On Thursday, a new legislation was proposed in New York that aims to impose additional regulations on digital asset firms. The proposed law, known as the “CRYPTO” Act—short for “Cryptocurrency Regulation Yields Protections, Trust, and Oversight”—would make it illegal for digital asset firms to operate without the necessary licenses. 

The announcement came from Manhattan District Attorney (DA) Alvin L. Bragg, Jr., and New York State Senator Zellnor Myrie, who emphasized the urgency of regulating the cryptocurrency marketplace in the State.

NY’s Proposed Crypto Bill

According to the duo’s press statement, organizations that exchange, trade, or transport cryptocurrencies in New York are required to register for a virtual currency license. Failure to do so has resulted in merely civil sanctions. 

In contrast, the proposed CRYPTO Act would introduce criminal penalties for operating without a license, bringing New York’s regulatory framework closer to that of the federal system, where unauthorized conduct can result in up to five years in prison.

The new Act aims to ensure that digital asset businesses adhere to the same levels of diligence and transparency as traditional money transmitters.

Under the new legislation, unlicensed operations would fall under the category of Unlicensed Virtual Currency Business Activity, leading to a series of graduated penalties based on the value of the transactions involved. 

Offenders could face charges ranging from a Class A misdemeanor to a Class C felony for activities involving $1 million or more within a year, potentially resulting in sentences of 5 to 15 years in state prison.

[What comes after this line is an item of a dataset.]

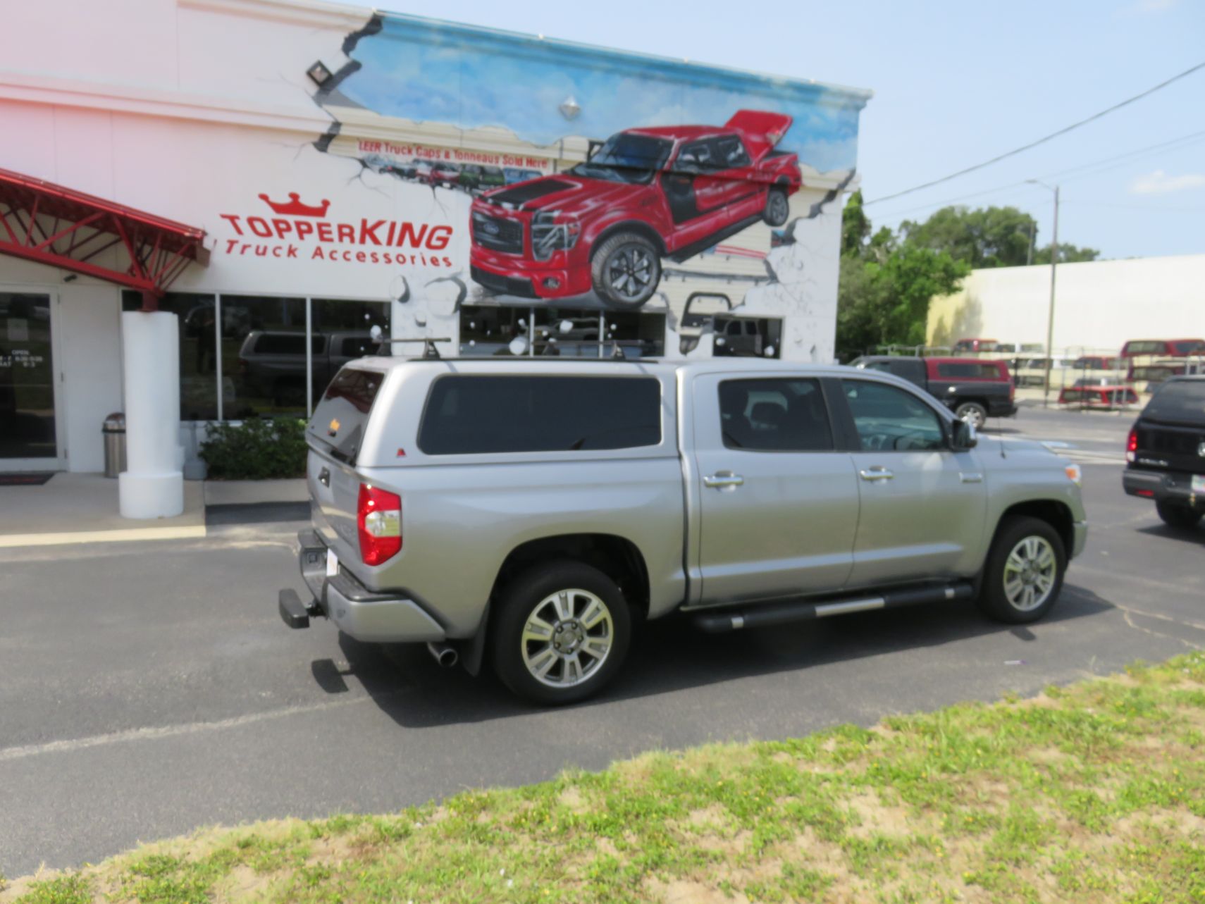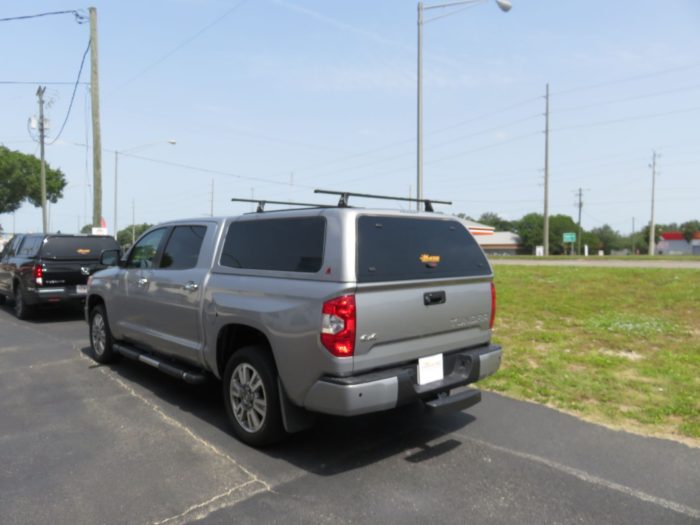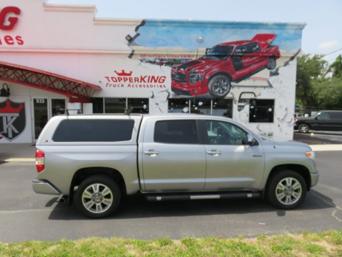 We recently had the pleasure of accessorizing this silver 2020 Toyota Tundra with a brand new LEER 100XQ fiberglass topper and Stainless Steel Nerf bars.
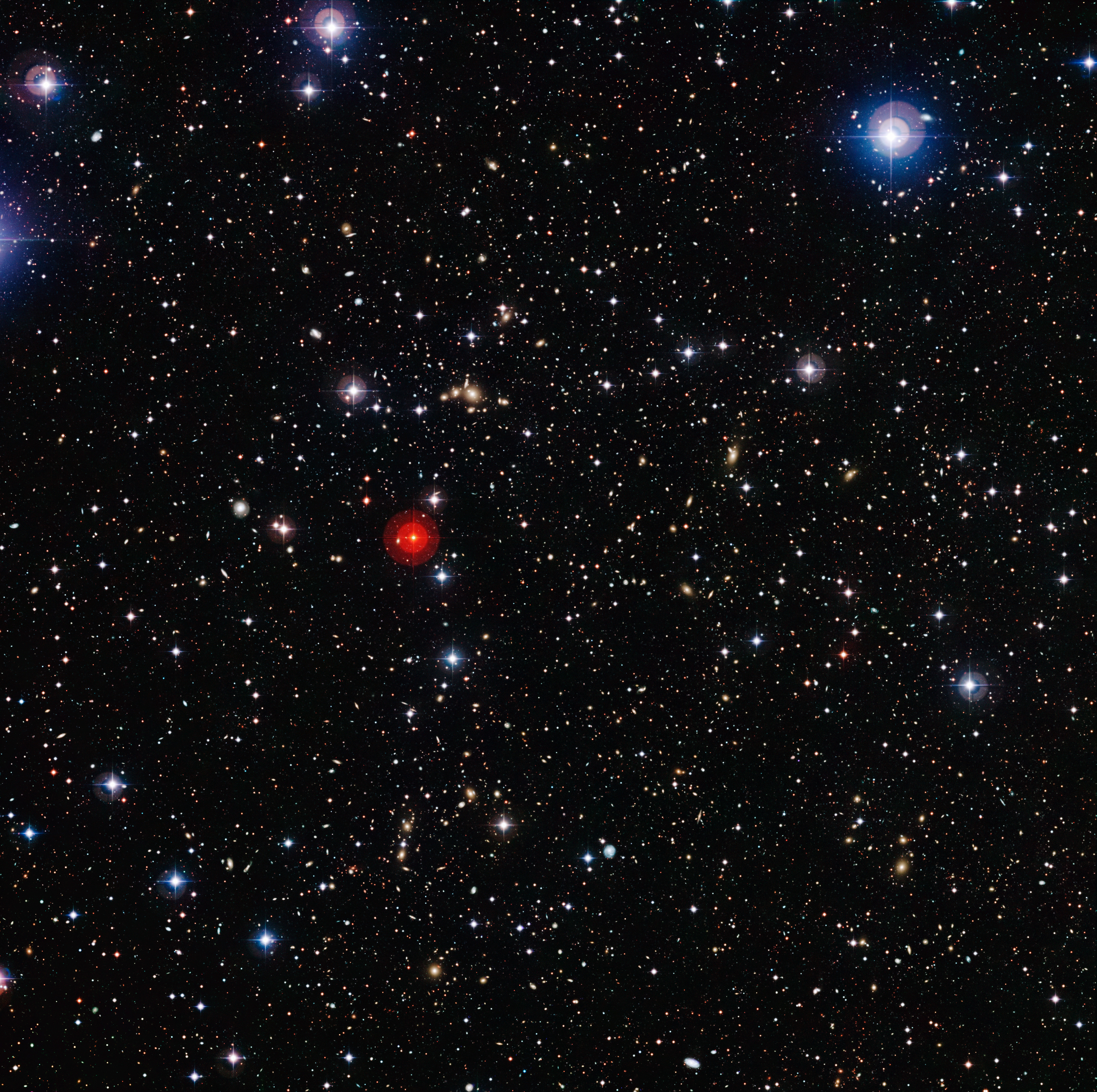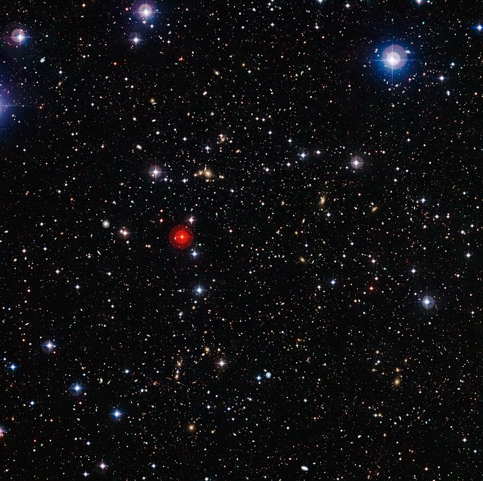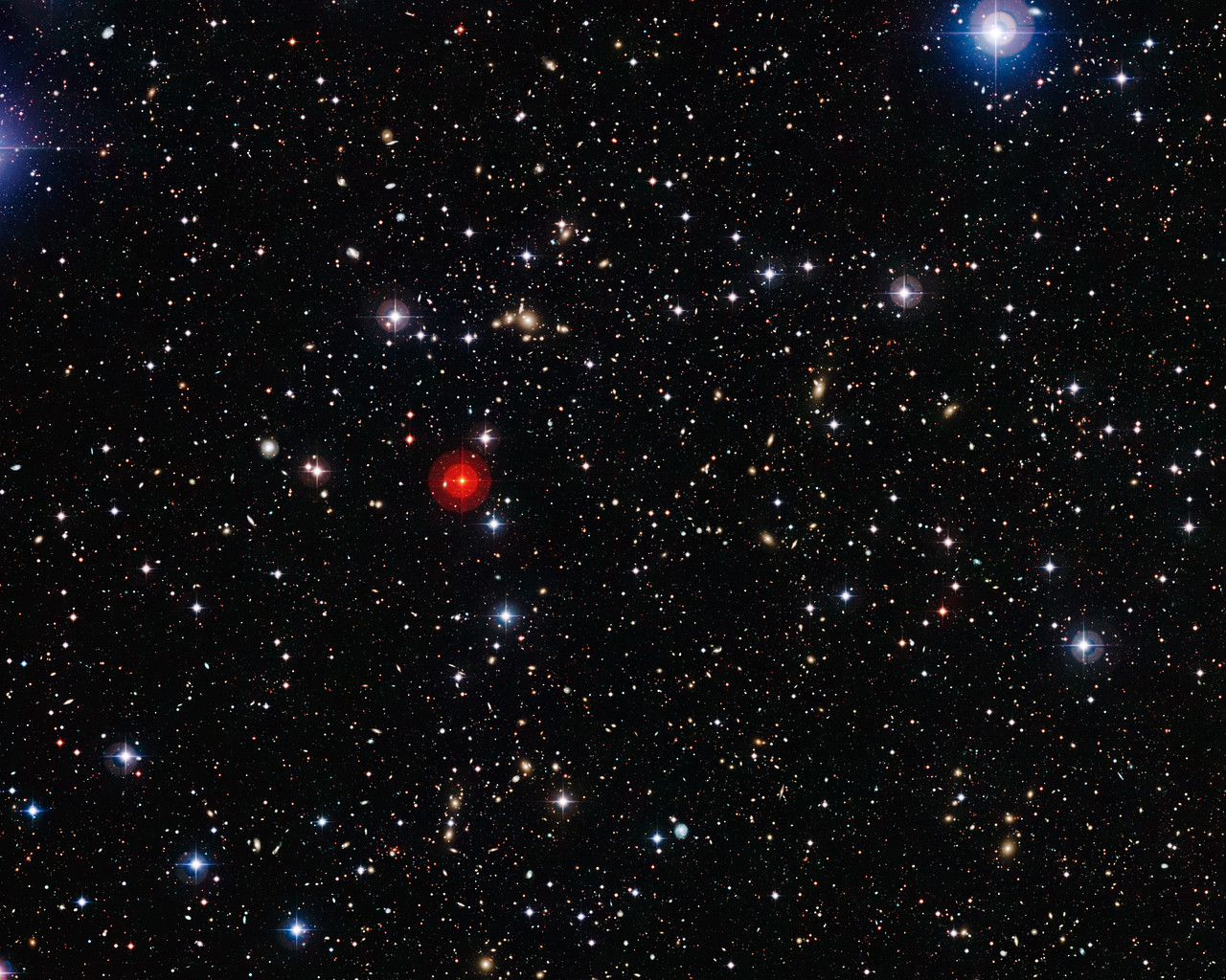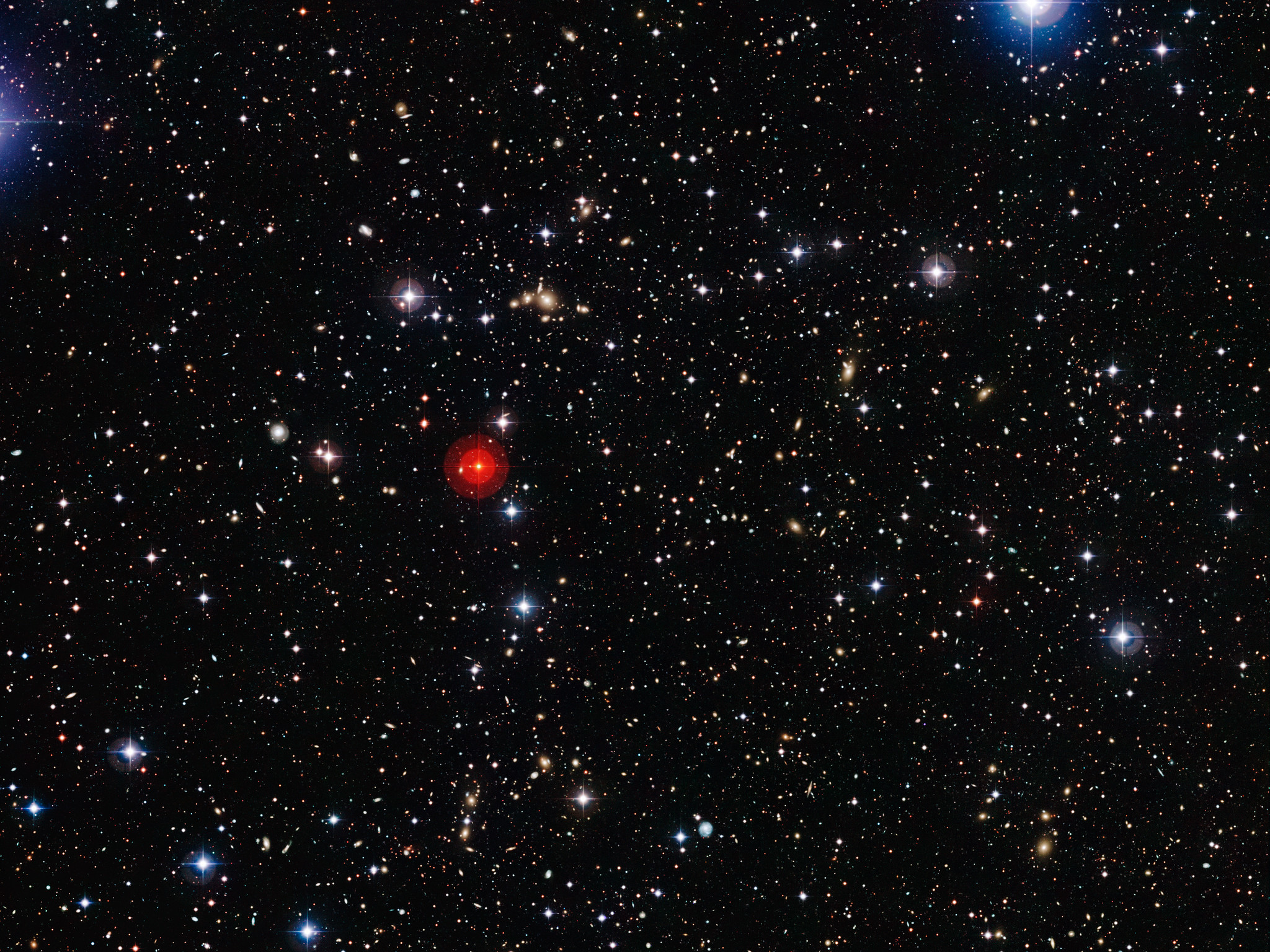Diese Deep Field-Aufnahme zeigt eine sogenannten Galaxien-Superhaufen – eine riesige Gruppe von Galaxienhaufen, die gemeinsam wiederum eine Haufenstruktur bilden. Dieser Superhaufen, bekannt unter dem Namen Abell 901/902, besteht aus drei separaten Haupthaufen und einer größeren Anzahl von Galaxien-Filamenten, die typisch für solche Superstrukturen sind. Einer der Haufen, Abell 901a, ist etwas rechts von dem hellen roten Vordergrundstern nahe der Bildmitte zu sehen. Ein weiterer, Abell 901b, liegt nochmal weiter rechts von Abell 901a und etwas tiefer. Abschließend liegt der Haufen Abell 902 gerade unterhalb des roten Sterns in Richtung der unteren Bildkante.

A “Shadow Financial System” 

District Attorney Bragg expressed concern about the growth of cryptocurrency, describing it as a “shadow financial system” that facilitates money laundering and other criminal activities. “Crypto is the go-to means for bad actors to move and hide the proceeds of crime,” he stated. 

Bragg further urged that the time has come for unlicensed cryptocurrency businesses to face criminal repercussions for not adhering to due diligence requirements.

Senator Myrie echoed Bragg’s sentiments, noting, “As the use of crypto has grown, so has illicit activity.” He emphasized that New York, as a major financial hub, must take seriously its regulatory responsibilities. 

Myrie’s bill aims to align the state with the 18 other jurisdictions that have made unlicensed virtual currency transactions criminal offenses, to enhance consumer protection against potential fraud and scams.

This legislative push coincides with a letter from House Democrats to Securities and Exchange Commission (SEC) Chair Paul Atkins, in which several lawmakers urged the reinstatement of enforcement actions against digital asset firms. 

The letter sent on Thursday and signed by Representatives Maxine Waters, Sean Casten, and Brad Sherman, expressed deep concerns regarding the SEC’s recent retreat from prosecuting violations related to “digital asset securities.”